Situated in the tiny Eastern Art Paintings gallery in the Ashmolean Museum is the exhibition of the “Yakusha-e” prints from Japan. Gallery 29 which houses the Eastern Art Paintings is a corner section in the right hand side of the Ashmolean, with one wall sloping diagonally to create a kind of triangle space. Despite its size, there are a reasonable number of the prints on display, effectively contrasting the older prints from two 19th century artists with those of a more contemporary print maker.
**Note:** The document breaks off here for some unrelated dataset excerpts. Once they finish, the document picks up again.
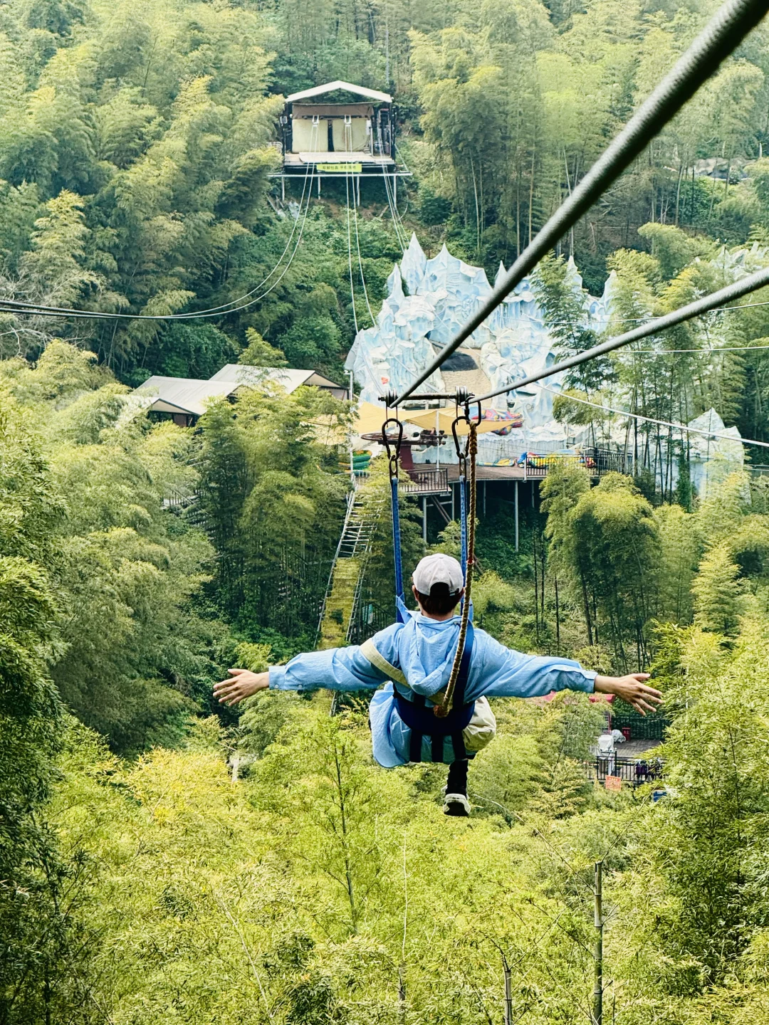 胆子大的一定要试!顺着滑索飞跃整片竹海,仿佛化身飞鸟穿梭在绿意之上,俯瞰竹海碧波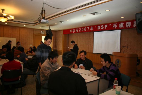 为丰富所内广大职工与研究生的业余生活,缓解科研工作压力,活跃气氛,加强交流,由所团委和研究生会、工会共同发起,由我所网络与新媒体技术研究中心(DSP中心)赞助的2007年“DSP”杯棋牌系列比赛之——“拖拉机”(升级)大赛在一片掌声和欢呼声中圆满落下帷幕。本次比赛得到了我所广大职工和研究生的热情参与,比赛分四人组和六人组两个赛组,四人组共有26个队报名,六人组有10队报名,另外加上梦之队和DSP队,总共80多人参加了此次棋牌比赛。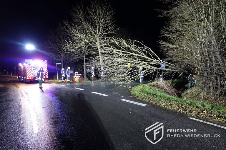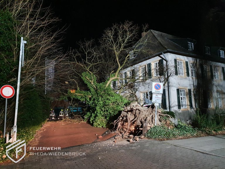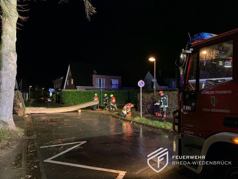 Bereits in der Nacht von Mittwoch auf Donnerstag hatte das Sturmtief Ylenia die Rheda-Wiedenbrücker Feuerwehr gefordert. Hier kam es zu 29 Alarmierungen, die meisten Einsätze mussten dabei im Stadtteil Batenhorst abgearbeitet werden. Auch hier beseitigten die Einsatzkräfte überwiegend umgestürzte Bäume oder sicherten Beschädigungen an Fassaden und Dächern.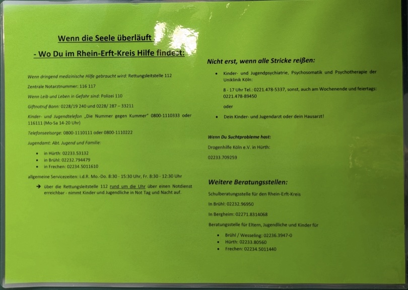 „Diese zwei Tage haben uns gezeigt, wie wichtig es ist sich mit psychischen Erkrankungen und Stressbewältigung auseinanderzusetzen", so Marlene aus der Klasse 10c. Also, wenn ihr euch bedrückt, fühlt: wendet euch an eine Person eures Vertrauens und sucht euch Hilfe beispielsweise bei einer der angegebenen Anlaufstellen des Rhein-Erft-Kreises (siehe Foto).

Kabuki is the name for Japan’s theatre tradition which has stretched back more than 400 years, with the “Yakusha-e” being an integral part of the Kabuki legacy. “Yakusha-e” is defined, according to the Ashmolean’s information boards, as the brightly coloured woodblock prints of actors performing in well-known plays in Japan. These prints were then sold on to fans of the plays throughout the centuries to preserve the actors and their work. They are effectively the 17th century equivalent to the modern day posters such as those of Johnny Depp or Robert Pattinson. The “Yakusha-e” often depicted famous performers in positions of intense emotion or drama, symbolising the climax of that particular story. This intense pose is called “mie” and often is illustrated by the crossing of the eyes, particularly amongst male characters, especially the heroes of the story when at the point of defeating the villain. Just like the original productions of Shakespeare’s plays, women actors were banned in Kabuki and therefore men played all the roles, gathering more fame as respected actors.
When the first “Yakusha-e” appeared they were typically full length portraits with minimal background to distract away from the characters themselves. In the exhibition there is a triptych of three postmen or couriers, identified by their black gloves and gaiters, which demonstrate this earlier tendency, despite being made by the 19th century artist Toyohara Kunichika. After the 1790s, a greater variation was seen as portraits were cut to half length, showing the torso and head and focusing in on the actors “bringing the fans much closer to their favourite stars” (Ashmolean).
It is this later trend which the exhibition focuses on, displaying prints by the artists Toyohara Kunichika (1835-1900) and Utagawa Kunisada (1786-1864). Their designs are bright and colourful, depicting a centralised character with a busy and scenic background, often with copious writing on scrolls which appear throughout the print. These artists worked on their designs before sending them off to another artist who would then carve their design into a block of wood before paint was applied and the prints were created.
The interesting thing about this exhibition, apart from the vividness and extraordinary eye catching 19th century prints, is that it manages to capture not only the centuries old examples of the Kabuki prints, but also the essence of contemporary reinterpretations around this tradition. It includes a selection of prints by the contemporary artist Tsuruya Kokei and the contrast between the two styles helps redefine the “Yakusha-e” tradition in a similar manner to the 1790 turn around. Kokei’s prints are much sparser than Kunisada’s and Kunichika’s, focusing much more on a simplified, almost caricature-esque, depiction of these actors.
Whether you like bright and colourful pieces of artwork or just generally have an interest in the Eastern Arts, this exhibition has something everyone will enjoy. I whole heartedly recommend it.